Could you copy exactly the lines below, beginning at the line with "Soft velvet closed-toe half slippers" and stopping after the line with "The Fellowes Proton", with no pictures?

## Material provided
==*==
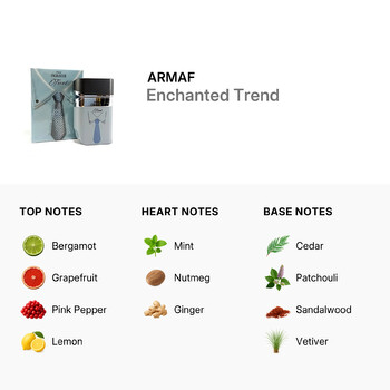 The base of Armaf Enchanted Trend settles into a smooth, masculine foundation of cedar, patchouli, sandalwood, and vetiver. These rich, earthy notes create a long-lasting finish that exudes confidence and sophistication throughout the day.
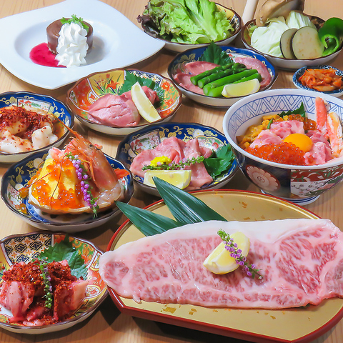 新しく、赤海老北海刺・極上カルビ・本日の海鮮丼・極上カルビ・海鮮丼など最高素材の料理を集めた至極のコースです。2H飲み放題込みでどんな宴会にもおすすめのコースです!
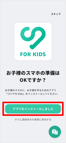 本手順では、お子さまの「コドマモ Kidsアプリ」の設定方法をご案内します。
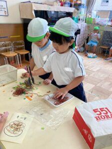 青のりとしょうがをで切って貼り、盛り付けしました!
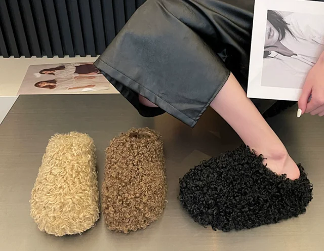 Soft velvet closed-toe half slippers
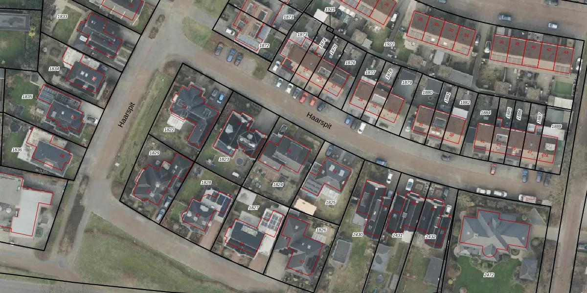 Het perceel waarop Haarspit 55 staat heeft een oppervlakte van 472 m². Dit is een groot perceel. De perceeloppervlakte wordt geregistreerd door het Kadaster. Gedetailleerde informatie over de maten van dit perceel kunt u vinden in het rapport Kadastrale kaart met maatvoering van Haarspit 55.
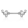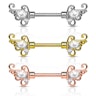 A joia que vê na foto acima é intencionada para piercings de mamilo. A parte livre da barra mede 12 mm. e em cada extremidade encontra-se lindos ornamentos com pedras no meio. O desenho parece vir da própria barra onde se divide entre vários segmentos que se enrolam no fim.
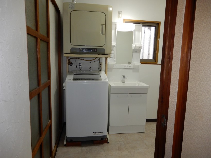 洗面所の勝手口を潰して今まで使用されていたガス衣類乾燥機と洗濯機を取付しました。
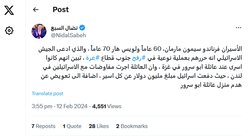 Le journaliste et chercheur libanais Nidal al-Sabea‘ avance une toute autre version des faits sur sa page X (ex-Twitter) : les deux captifs israéliens étaient détenus chez la famille Abou Srour qui a menee des tractations avec les Israéliens à Londres en vue de leur libération. Elle aurait reçu d’après lui, en échange de leur libération, deux millions de dollars ainsi qu’un dédommagement pour sa maison détruite.
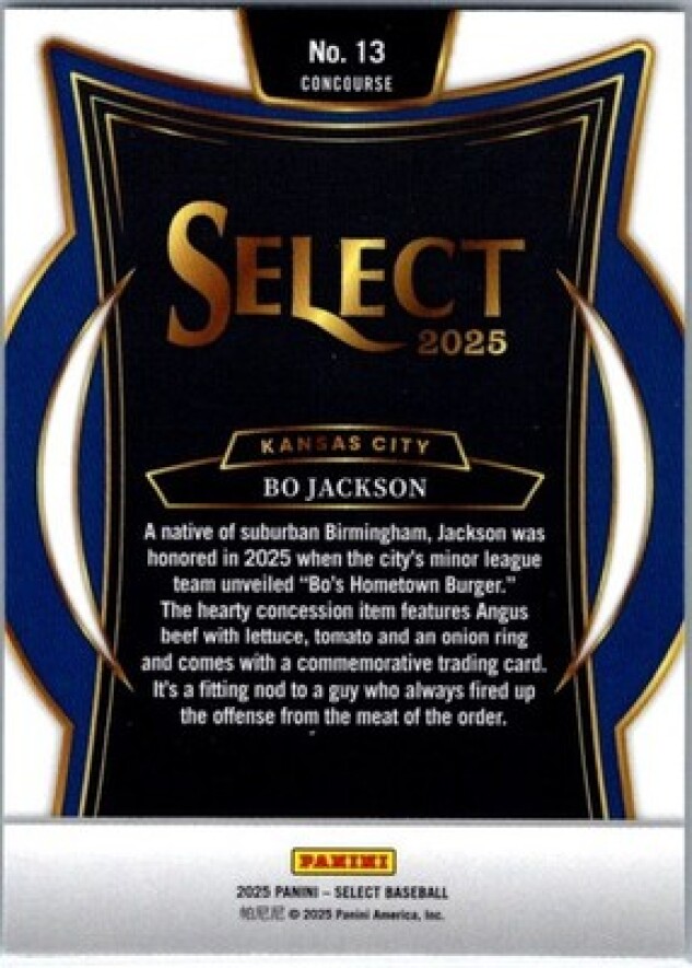 This is a nice example of a 2025 Panini Select #13 Bo Jackson
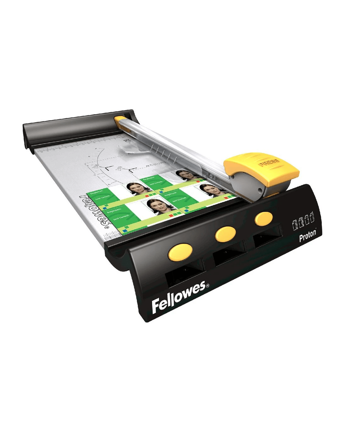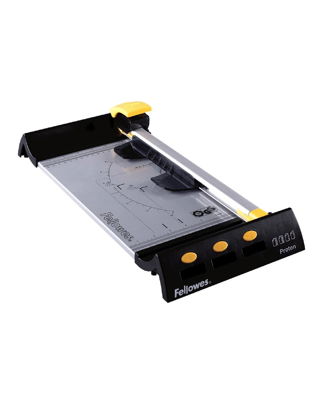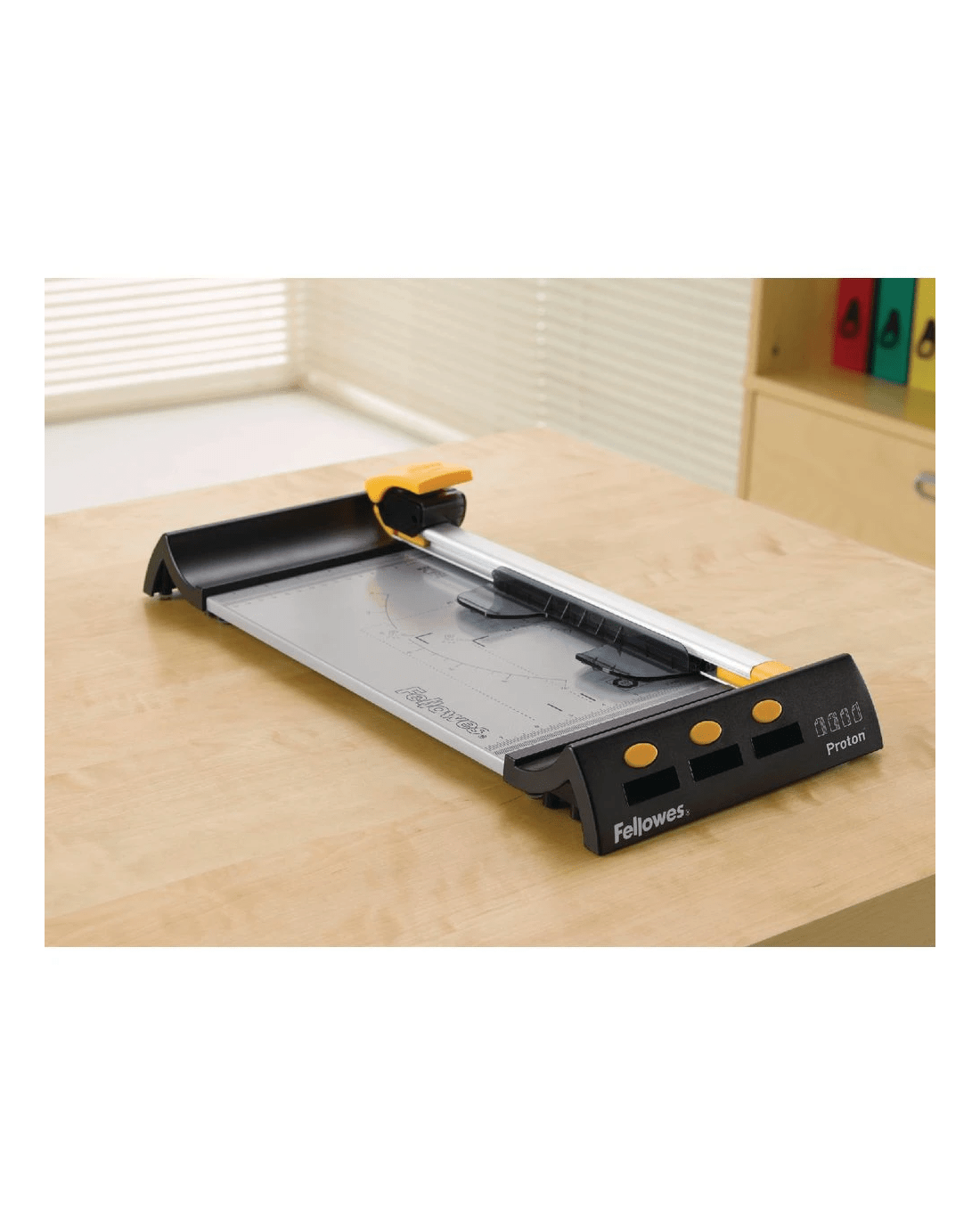 The Fellowes Proton Paper Trimmer has a sharp, stainless steel blade so you can cut paper accurately. It comes in a handy A4 size and can cut up to 10 sheets (80gsm) at a time, making it ideal for use in the home office. Its unique SafeCut blade cartridges protect the stainless steel blade so it is only exposed when trimming, ensuring maximum safety and easy use.
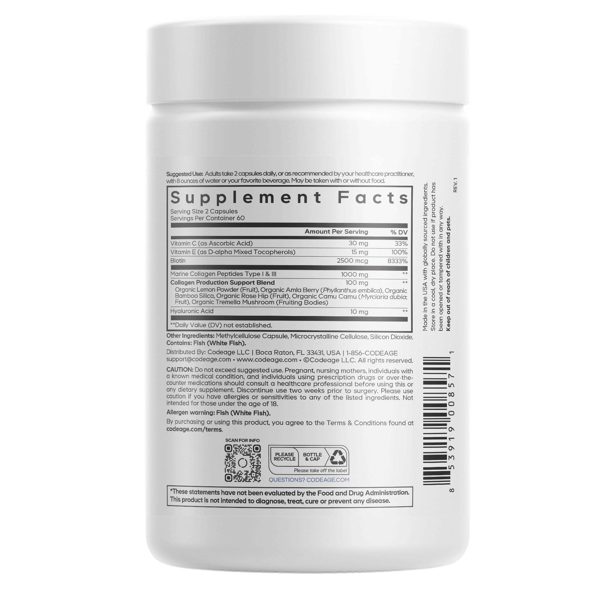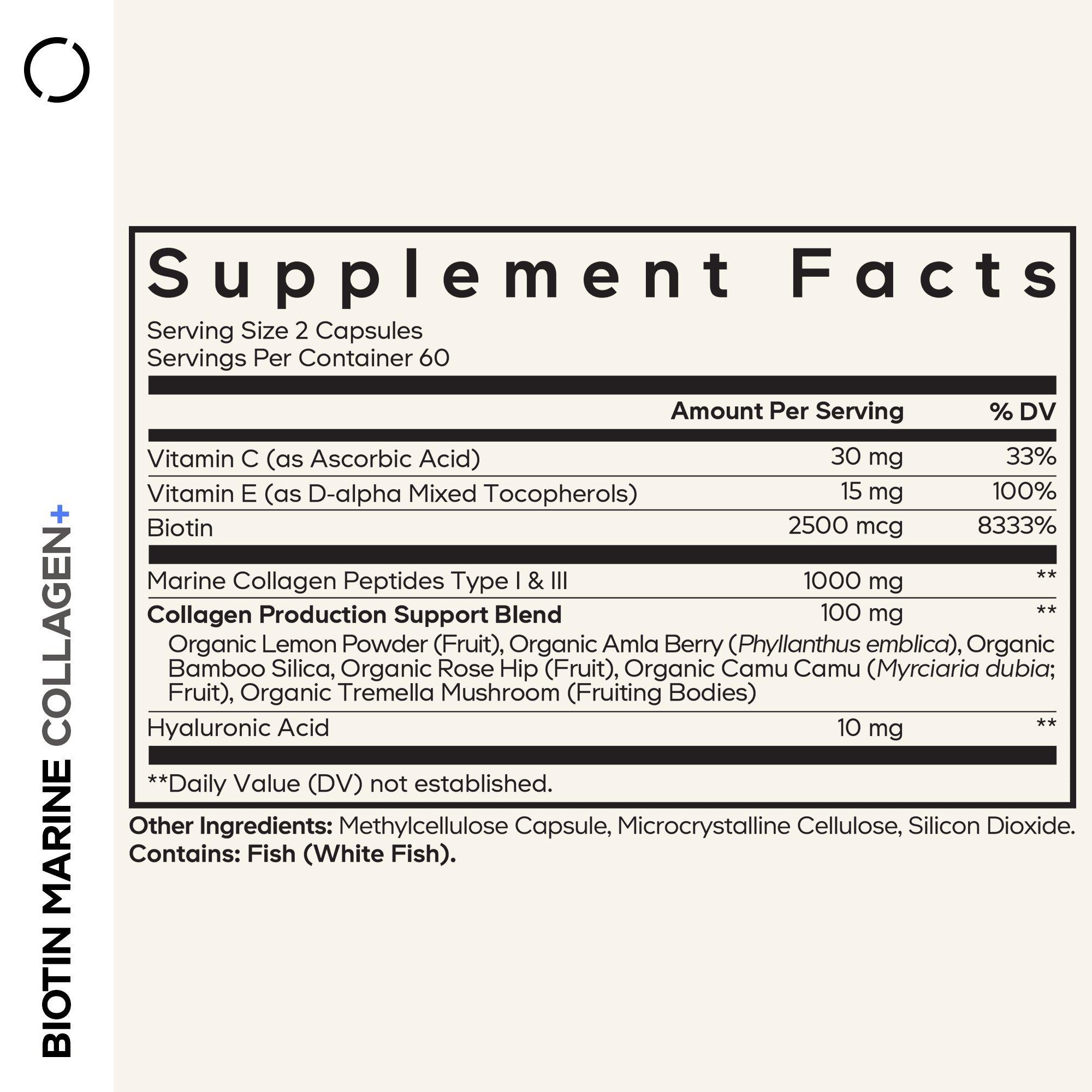 Vitamin C (as Ascorbic Acid), Vitamin E (as D-alpha Mixed Tocopherols), Biotin, Marine Collagen Peptides Type I & III, Collagen Production Support Blend: Organic Lemon Powder (Peel), Organic Amla Berry (Phyllanthus emblica), Organic Bamboo Silica, Organic Rose Hip (Fruit), Organic Camu Camu (Myrciaria dubia; Fruit), Organic Tremella Mushroom (Fruiting Bodies); Hyaluronic Acid. Other Ingredients: Methylcellulose Capsule, Silicon Dioxide. Contains: Fish (White Fish).
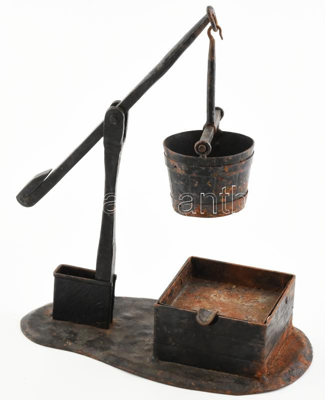 Gémeskút formájú dohányzó készlet. Kovácsoltvas, korrodált. 28 cm https://www.darabanth.com/de/442-Fernauktion/442.0/Kunst-Dokumente-andere-Sammelgebiete/Flohmarkt~500015/Gemeskut-formaju-dohanyzo-keszlet-Kovacsoltvas-korrodalt-28-cm~II2906059
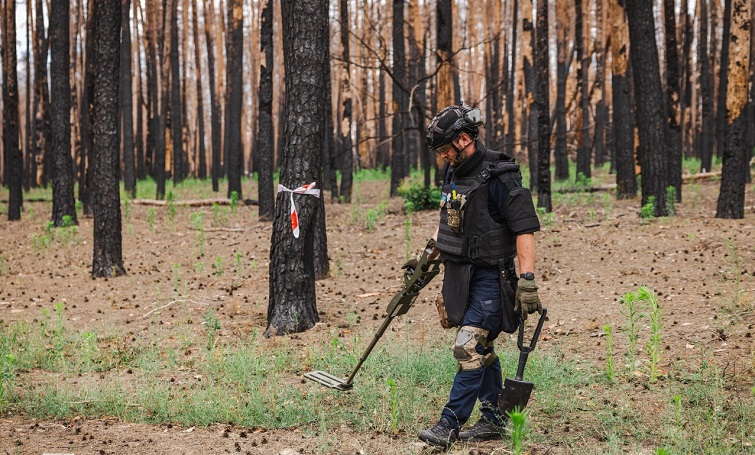 Ліси залишаються під подвійною загрозою — від війни та вогню. Щоб вогонь не міг швидко поширюватися, фахівці створюють спеціальні мінералізовані смуги, але спершу ці ділянки очищають від снарядів і мін.
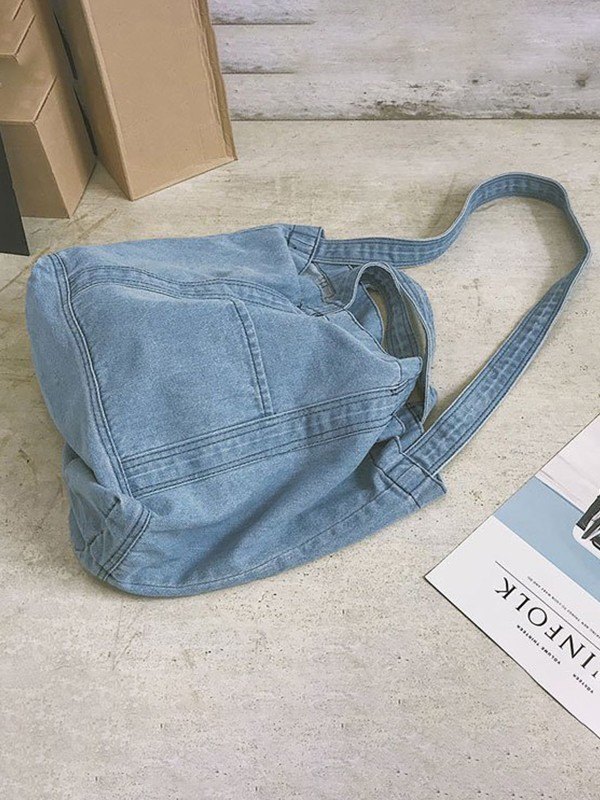 Large Washed Denim Tote Bag
==*==
## Task answer
 Soft velvet closed-toe half slippers
 Het perceel waarop Haarspit 55 staat heeft een oppervlakte van 472 m². Dit is een groot perceel. De perceeloppervlakte wordt geregistreerd door het Kadaster. Gedetailleerde informatie over de maten van dit perceel kunt u vinden in het rapport Kadastrale kaart met maatvoering van Haarspit 55.
 A joia que vê na foto acima é intencionada para piercings de mamilo. A parte livre da barra mede 12 mm. e em cada extremidade encontra-se lindos ornamentos com pedras no meio. O desenho parece vir da própria barra onde se divide entre vários segmentos que se enrolam no fim.
 洗面所の勝手口を潰して今まで使用されていたガス衣類乾燥機と洗濯機を取付しました。
 Le journaliste et chercheur libanais Nidal al-Sabea‘ avance une toute autre version des faits sur sa page X (ex-Twitter) : les deux captifs israéliens étaient détenus chez la famille Abou Srour qui a menee des tractations avec les Israéliens à Londres en vue de leur libération. Elle aurait reçu d’après lui, en échange de leur libération, deux millions de dollars ainsi qu’un dédommagement pour sa maison détruite.
 This is a nice example of a 2025 Panini Select #13 Bo Jackson
 The Fellowes Proton Paper Trimmer has a sharp, stainless steel blade so you can cut paper accurately. It comes in a handy A4 size and can cut up to 10 sheets (80gsm) at a time, making it ideal for use in the home office. Its unique SafeCut blade cartridges protect the stainless steel blade so it is only exposed when trimming, ensuring maximum safety and easy use.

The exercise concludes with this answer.